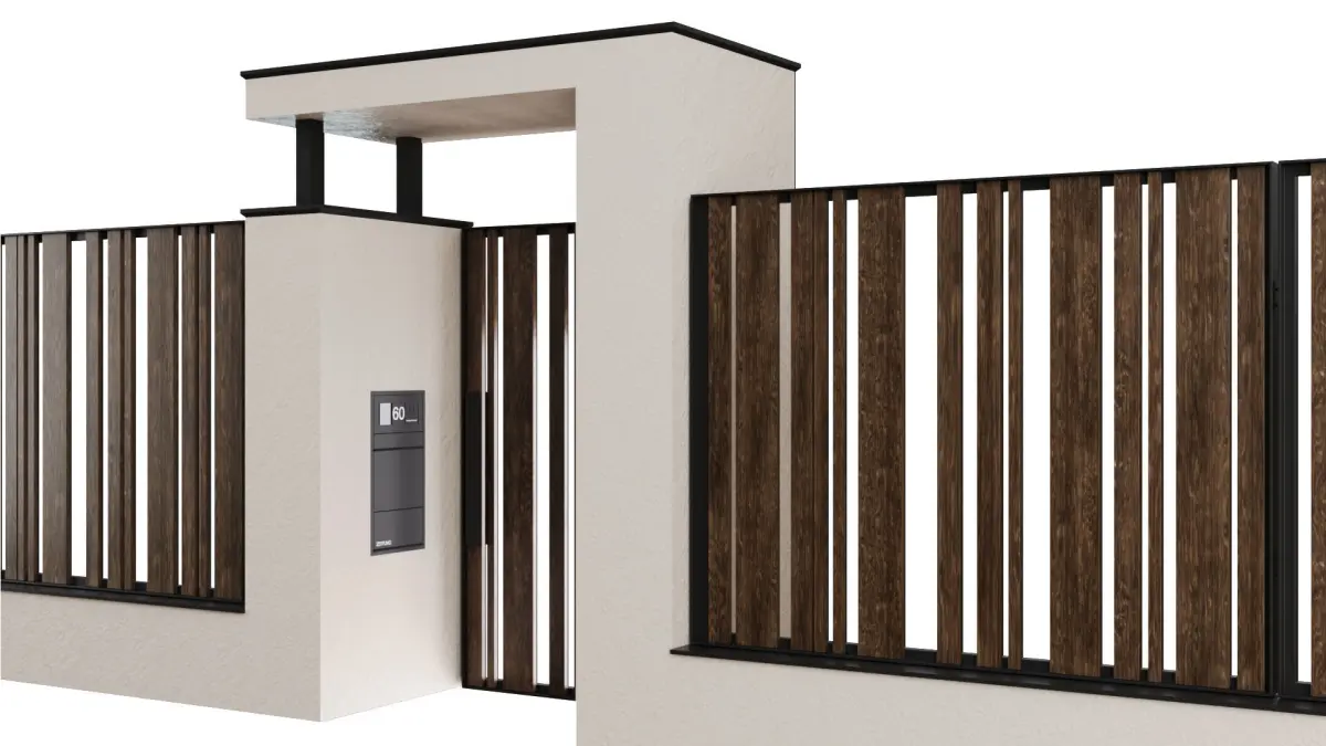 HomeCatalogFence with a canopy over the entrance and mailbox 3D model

+ + + + + + +

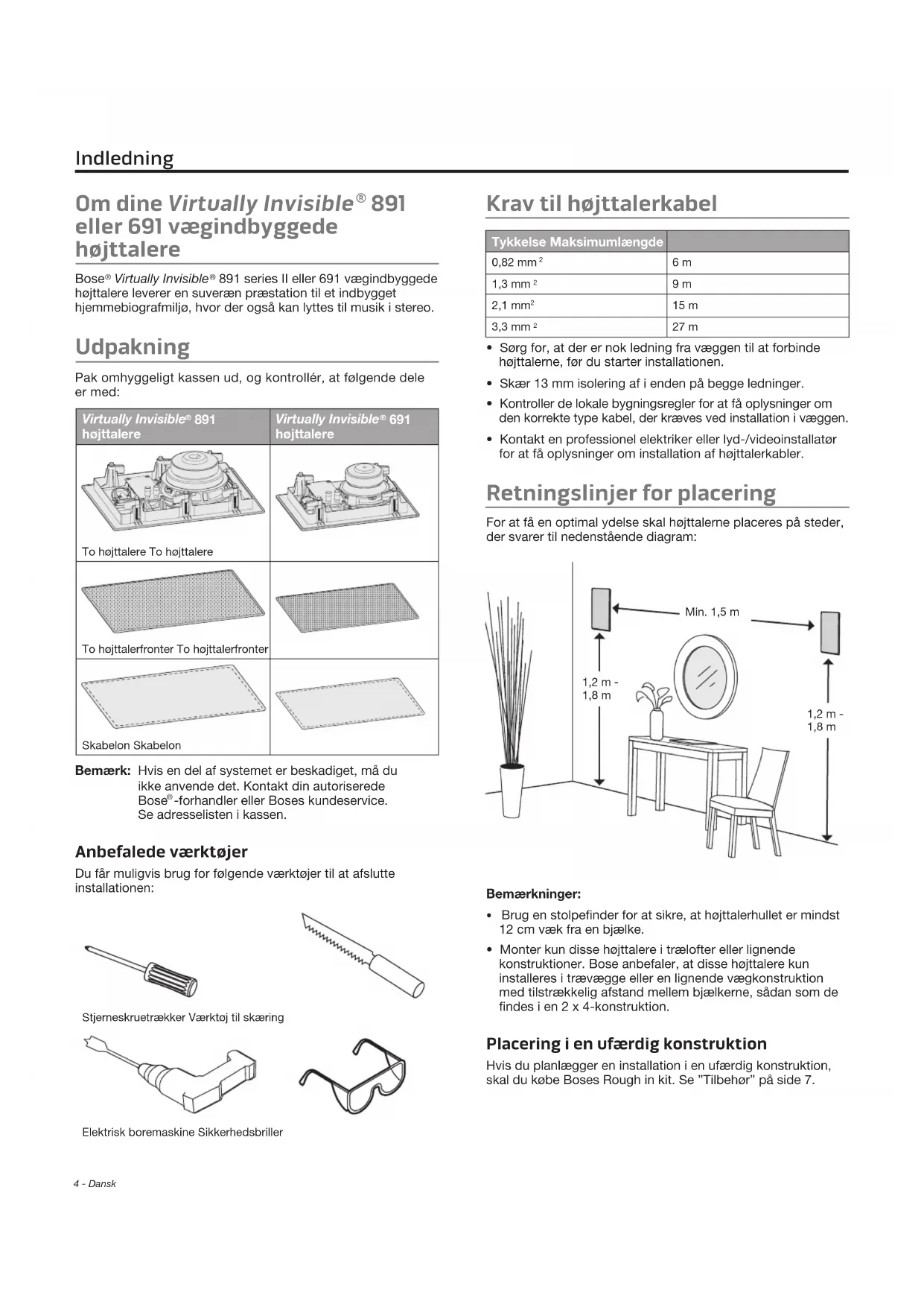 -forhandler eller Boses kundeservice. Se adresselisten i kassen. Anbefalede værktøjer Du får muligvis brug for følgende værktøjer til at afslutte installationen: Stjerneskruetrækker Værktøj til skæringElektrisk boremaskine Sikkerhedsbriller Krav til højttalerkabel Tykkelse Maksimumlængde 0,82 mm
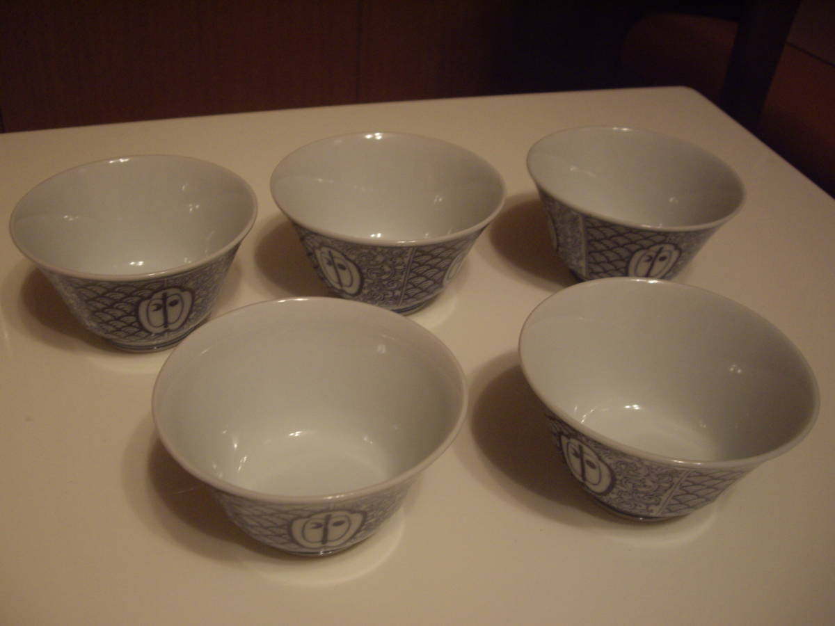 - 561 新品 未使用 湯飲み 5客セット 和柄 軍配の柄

+ + + + + + +

TASK ITEM
Output exactly, and only, the lines of the entries above from the one with "-forhandler eller Boses" up to and including the one with "- 561 新品 未使用 湯飲み 5客セット 和柄 軍配の柄"; pictures are to be left out.

YOUR RESPONSE
 -forhandler eller Boses kundeservice. Se adresselisten i kassen. Anbefalede værktøjer Du får muligvis brug for følgende værktøjer til at afslutte installationen: Stjerneskruetrækker Værktøj til skæringElektrisk boremaskine Sikkerhedsbriller Krav til højttalerkabel Tykkelse Maksimumlængde 0,82 mm
 - 561 新品 未使用 湯飲み 5客セット 和柄 軍配の柄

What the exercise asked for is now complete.